Achieving Energetic Superiority Through System-Level Quantum Circuit Simulation
Rong Fu, Zhongling Su, Han-Sen Zhong, Xiti Zhao, Jianyang Zhang, Feng Pan, Pan Zhang, Xianhe Zhao, Ming-Cheng Chen, Chao-Yang Lu, Jian-Wei Pan, Zhiling Pei, Xingcheng Zhang, Wanli Ouyang
TL;DR
This work targets the scalability and energy efficiency gap in simulating random quantum circuits on classical hardware. It introduces a three-level parallelization scheme, hybrid low-precision inter-node communication, and an extended complex-half Einsum framework, enabling large tensor networks (up to tens of terabytes, across up to 2,304 GPUs) to be contracted efficiently. The authors demonstrate time-to-solution improvements by factors of up to an order of magnitude and substantial energy reductions compared with Google's Sycamore, including a best-case 17.18 seconds at 0.29 kWh with XEB 0.002 for a 32T network with post-processing. The results challenge the notion that quantum hardware inherently outperforms all classical approaches for RQC sampling in these regimes and point toward broader, scalable applications in quantum simulation and beyond.
Abstract
Quantum Computational Superiority boasts rapid computation and high energy efficiency. Despite recent advances in classical algorithms aimed at refuting the milestone claim of Google's sycamore, challenges remain in generating uncorrelated samples of random quantum circuits. In this paper, we present a groundbreaking large-scale system technology that leverages optimization on global, node, and device levels to achieve unprecedented scalability for tensor networks. This enables the handling of large-scale tensor networks with memory capacities reaching tens of terabytes, surpassing memory space constraints on a single node. Our techniques enable accommodating large-scale tensor networks with up to tens of terabytes of memory, reaching up to 2304 GPUs with a peak computing power of 561 PFLOPS half-precision.
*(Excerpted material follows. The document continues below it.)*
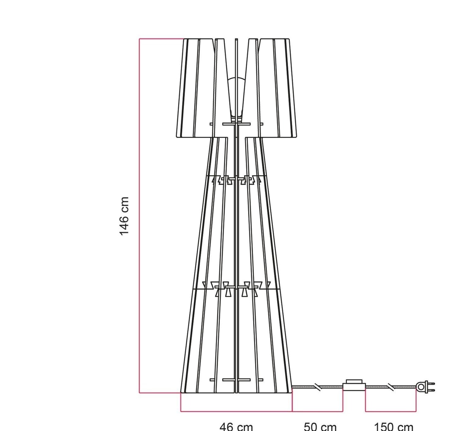 Sie ist 146 cm hoch und hat einen Durchmesser von 46 cm. Seine Lichtquelle (1 x E27) ist nicht im Lieferumfang enthalten, aber als unverzichtbares Zubehör erhältlich.
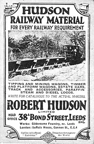 Robert Hudson Ltd was a major international supplier of light railway materials, based in Gildersome, near Leeds, England. The name was later changed to Robert Hudson (Raletrux) Ltd.

Notably, we have achieved a time-to-solution of 14.22 seconds with energy consumption of 2.39 kWh which achieved fidelity of 0.002 and our most remarkable result is a time-to-solution of 17.18 seconds, with energy consumption of only 0.29 kWh which achieved a XEB of 0.002 after post-processing, outperforming Google's quantum processor Sycamore in both speed and energy efficiency, which recorded 600 seconds and 4.3 kWh, respectively.